[Data records]
★ ★ ★ ★ ★ ★ ★
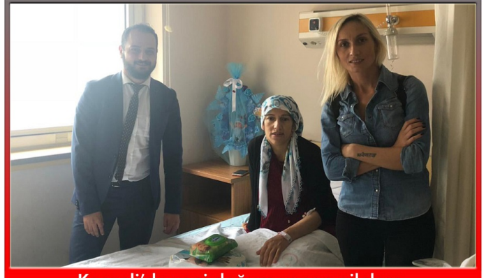
Kocaeli'de yeni doğum yapan ailelere bebek bakım malzemeleri götürdük.
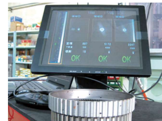
高感度カメラで穴の数量、大きさを判別
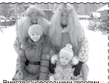
Вместе с новогодними героями.

что трудно передать словами. Сказочные герои организовали для детей игры. Детскому восторгу не было предела. Все дети активно
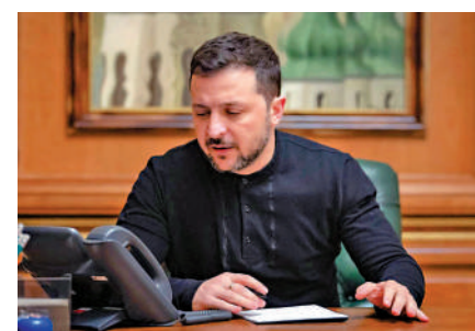
▲烏克蘭總統澤連斯基12日與特朗普通電話。

特朗普與普京就解決俄烏衝突直接通話，令烏克蘭和歐盟國家集體陷入「混亂和不知所措」。澤連斯基13日表示，他相信烏克蘭是特朗普的優先考量，但「無論如何，美國領導人先打電話給普京，真的令人不太愉快」。他指出，在與俄方舉行會談之前，他希望與美國就「對抗普京」的立場達成一致。他還說，不接受任何
★ ★ ★ ★ ★ ★ ★
Set down the data above verbatim, omitting every image.

Kocaeli'de yeni doğum yapan ailelere bebek bakım malzemeleri götürdük.
高感度カメラで穴の数量、大きさを判別
Вместе с новогодними героями.

что трудно передать словами. Сказочные герои организовали для детей игры. Детскому восторгу не было предела. Все дети активно
▲烏克蘭總統澤連斯基12日與特朗普通電話。

特朗普與普京就解決俄烏衝突直接通話，令烏克蘭和歐盟國家集體陷入「混亂和不知所措」。澤連斯基13日表示，他相信烏克蘭是特朗普的優先考量，但「無論如何，美國領導人先打電話給普京，真的令人不太愉快」。他指出，在與俄方舉行會談之前，他希望與美國就「對抗普京」的立場達成一致。他還說，不接受任何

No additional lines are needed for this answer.